The answer is – It depends!
Each of the types mentioned will offer benefits and also have certain drawbacks. The point is not to favor one type over another, but to match a personality to a given set of duties and responsibilities and to analyze whether the concerned individual will be able to cope up with the organizational culture and fit into the environment of the company. For example, a person who has high conscientiousness but is an introvert has high chances of being selected for an accounting job or data-entry job. The person might be very good with his work; however, if his introverted nature is pronounced to the extent that he cannot interact and communicate appropriately with his seniors & colleagues he might not be able to sustain himself in the job for too long. Thus, it is important to access the personality of an individual when making personnel related decisions. Many companies today along with their first impressions and gut instincts, also rely on standardized personality test scores to make an unbiased decision.

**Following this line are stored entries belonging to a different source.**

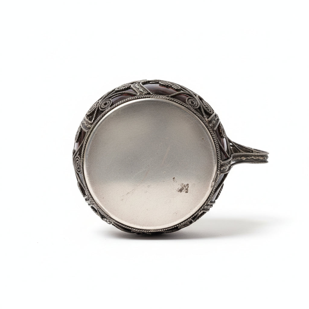 Crafted through traditional hand-blowing techniques, this amber-rose glass pitcher combines functional elegance with artistic flair. The decorative wire detailing adds a sophisticated accent that catches light beautifully, making it equally suited for everyday use or display. Perfect for serving beverages or as a striking standalone piece, its warm tones and artisanal quality bring warmth to any table setting or shelf.
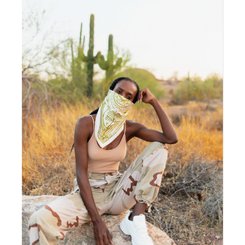 Standard 21 x 21 inch bandana. Machine wash cold with like colors, line or tumble dry, warm iron, do not bleach.
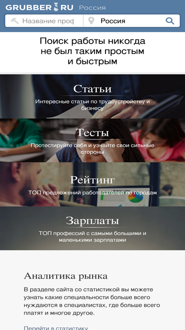 97%поиск работы в россии. огромная обновляемая база вакансий. свежие и бесплатные предложения на grubber.ru
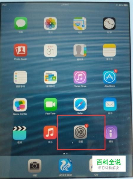 1. 苹果系统 打开ipad,进入到桌面,我们会看到我们的界面上有一个设置,我们点进去。
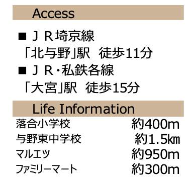 | 交通 | JR埼京線北与野駅 徒歩11分 JR京浜東北・根岸線大宮駅 徒歩15分 |
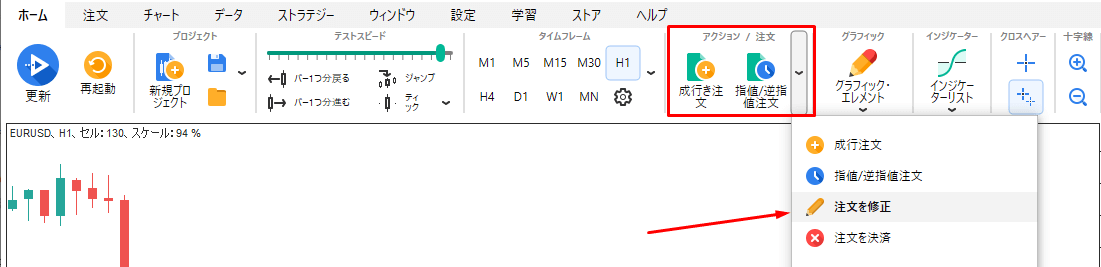 そして、ツールバーにある"選択した注文を修正"ボタンをクリックしてください。(またはキーボードのF4キーを押してください)
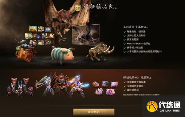 本次联动的基础款除了雕像宠物那个猪以外都是可以通过正常对局获得材料,但是基础款的升级解锁款式需要103元购入远征包解锁才能进行升级。
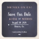 Simple rustique décontracté Boissons sur nous! blanc et rose vif script de typographie, nom, date, et placer mariage personnalisé enregistrer le dessous de verre de la date sur un arrière - plan bleu marine de minuit sombre.
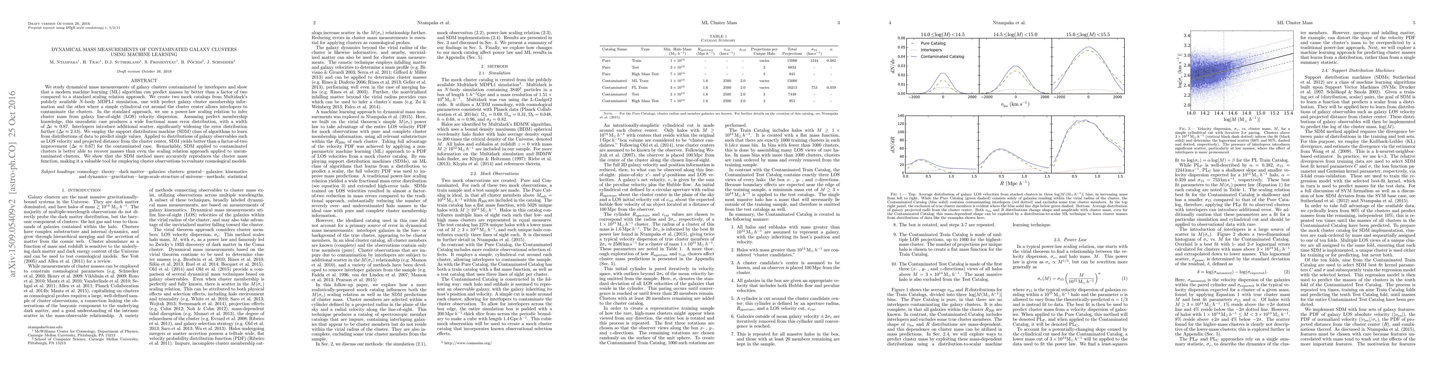 We study dynamical mass measurements of galaxy clusters contaminated by interlopers and show that a modern machine learning (ML) algorithm can predict masses by better than a factor of two compared to a standard scaling relation approach. We create two mock catalogs from Multidark's publicly available $N$-body MDPL1 simulation, one with perfect galaxy cluster membership information and the other where a simple cylindrical cut around the cluster center allows interlopers to contaminate the clusters. In the standard approach, we use a power-law scaling relation to infer cluster mass from galaxy line-of-sight (LOS) velocity dispersion. Assuming perfect membership knowledge, this unrealistic case produces a wide fractional mass error distribution, with a width of $\Delta\epsilon\approx0.87$. Interlopers introduce additional scatter, significantly widening the error distribution further ($\Delta\epsilon\approx2.13$). We employ the support distribution machine (SDM) class of algorithms to learn from distributions of data to predict single values. Applied to distributions of galaxy observables such as LOS velocity and projected distance from the cluster center, SDM yields better than a factor-of-two improvement ($\Delta\epsilon\approx0.67$) for the contaminated case. Remarkably, SDM applied to contaminated clusters is better able to recover masses than even the scaling relation approach applied to uncontaminated clusters. We show that the SDM method more accurately reproduces the cluster mass function, making it a valuable tool for employing cluster observations to evaluate cosmological models.
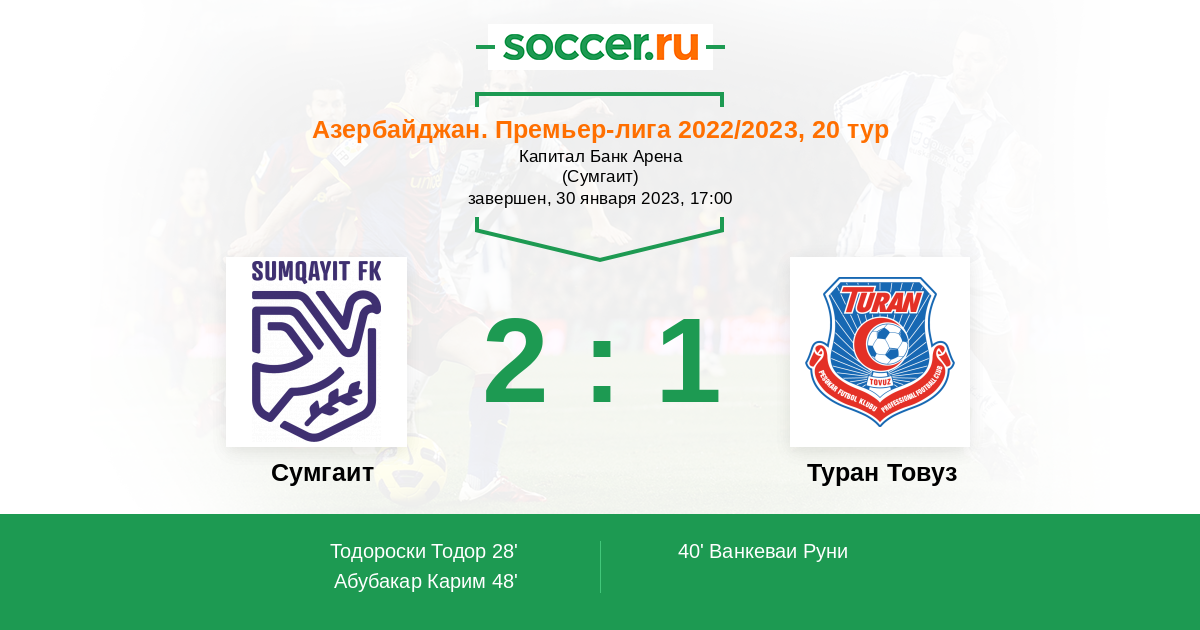 Протокол матча Сумгаит против Туран Товуз
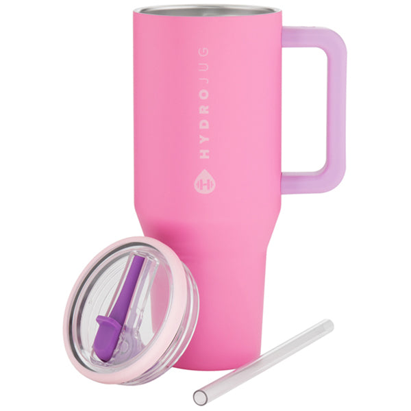 Choose a corporate design for the HydroJug Pink Sand 32oz Traveler to make sure your time on the road keeps you well hydrated. Simple fill with your favorite beverage, screw-on the threaded lid, and enjoy sips with the soft straw. The cup holder-friendly design and side handle make this easy to handle, even in the car.
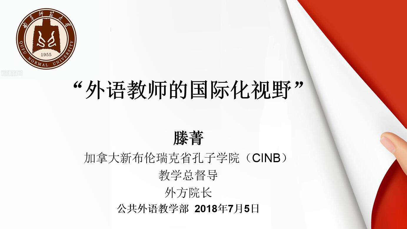 7月5日下午,加拿大新布伦瑞克省孔子学院(CINB)教学总督导、外方院长滕菁女士应邀莅临B体育(中国)一站式服务官网(日照校区)进行交流访问,并作题为“外语教师的国际化视野”的专题报告。B体育(中国)一站式服务官网(日照校区)全体教师参加了报告会,报告会由B体育(中国)一站式服务官网副主任孙伟主持。
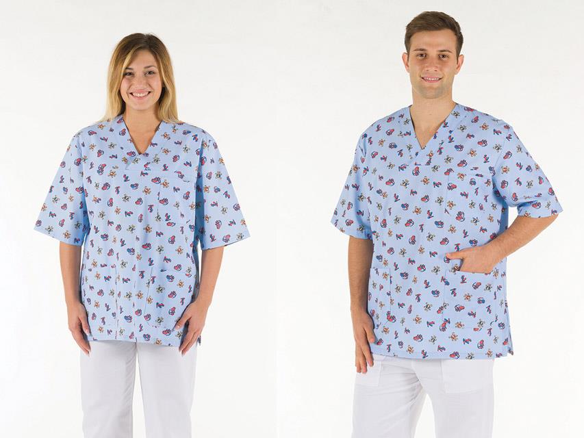 Linea professionale di qualità in cotone 100%. Quattro diverse taglie disponibili su fondo azzurro.
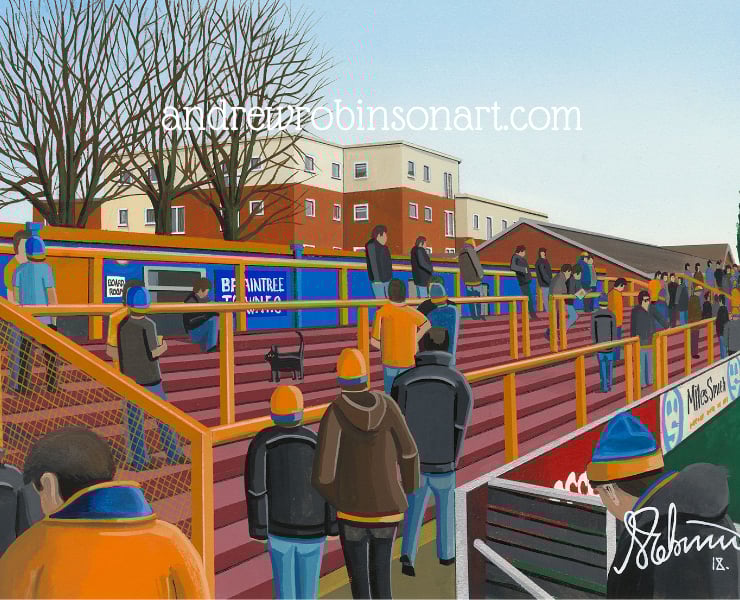 Titled ‘Cressing Road Congregation’ this is a unique Braintree Town F.C print direct from myself the artist. My artworks are a celebration of the match day experience and of stadium architecture.
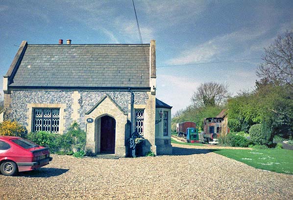 ![]() Fransham station looking west from the site of the level crossing in April 2000. The present owner bought the station in the 1980s and began a gradual process of renovation.
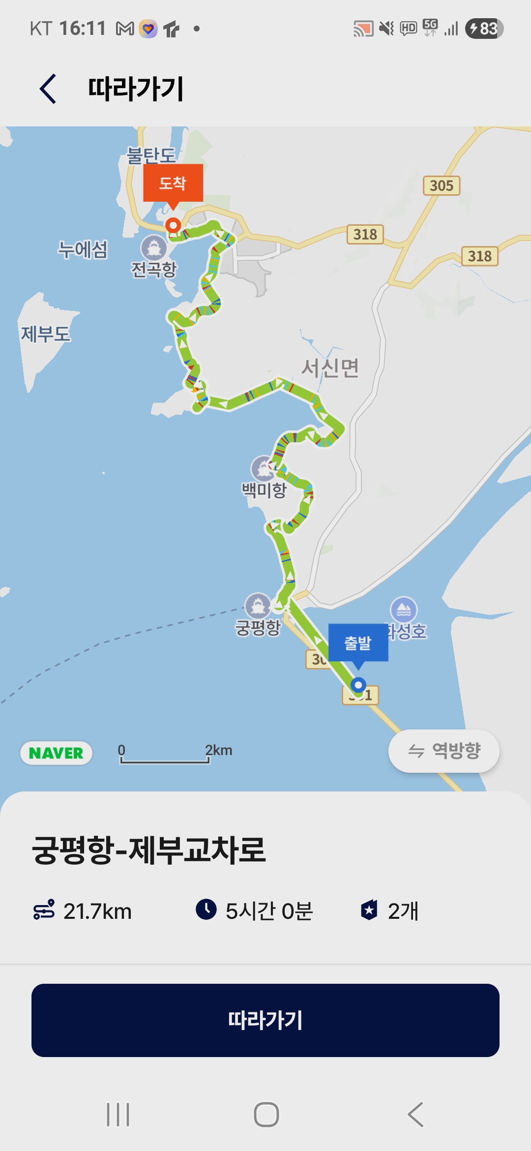 - 종점 : 화성시 서신면 전곡리 1066 전곡항교차로

‘The Big Five’ personality model since its inception in the early 20th century has become one of the most extensively researched and widely accepted theories to explain personality differences. The model is composed of the following factors:
Emotional Stability: It is the degree to which a person is able to maintain his/her emotional balance
Agreeableness: It is the degree to which a person is likeable, cooperative and approachable
Extroversion: Assesses a person’s outward orientation – whether he or she is drawn more towards the social world of people and activities or the inner world of thoughts and emotions
Openness: It is the extent to which a person seeks out new experiences and is receptive to different views and people
Conscientiousness: Degree to which a person is productivity‐oriented, diligent, organized, reliable, striving and dutiful
The trait ‘Agreeableness’ helps foster teamwork, reduces the tendency for conflict, and makes interaction with others smoother. ‘Conscientiousness’ and ‘Emotional Stability’ explain the willingness and desire of an individual to meet or exceed job requirements, the ability to handle pressure, be self-motivated and work efficiently. However, it is important to keep in mind that the combination of personality traits that translate to successful job performance can vary, depending on the type of position and job role.
Thus, in an organization, people having differences in personalities may pose a threat to producing the best work results. The reasons and importance from an employer-emplyoee view point, for understanding the role of personality in order to determine the job-fit of an individual, includes:
- Finding the correct job-role fit aids in improved work productivity and work satisfaction
- A team is made up of individuals and personalities of the team members can be the mortar that holds the team together and makes it more cohesive
- Understanding personality helps to utilize strengths and improve on one’s weakness
- Aids in reducing conflicts, enhance participation and improved collaboration in the work environment
- Prevents burn outs and reduces turnovers
- Helps to communicate effectively and reduce communication barriers
Employers and HR Mangers therefore seek to find the right people with the exact set of traits for various job positions, there by, increasing the company’s potential for success and sustainability.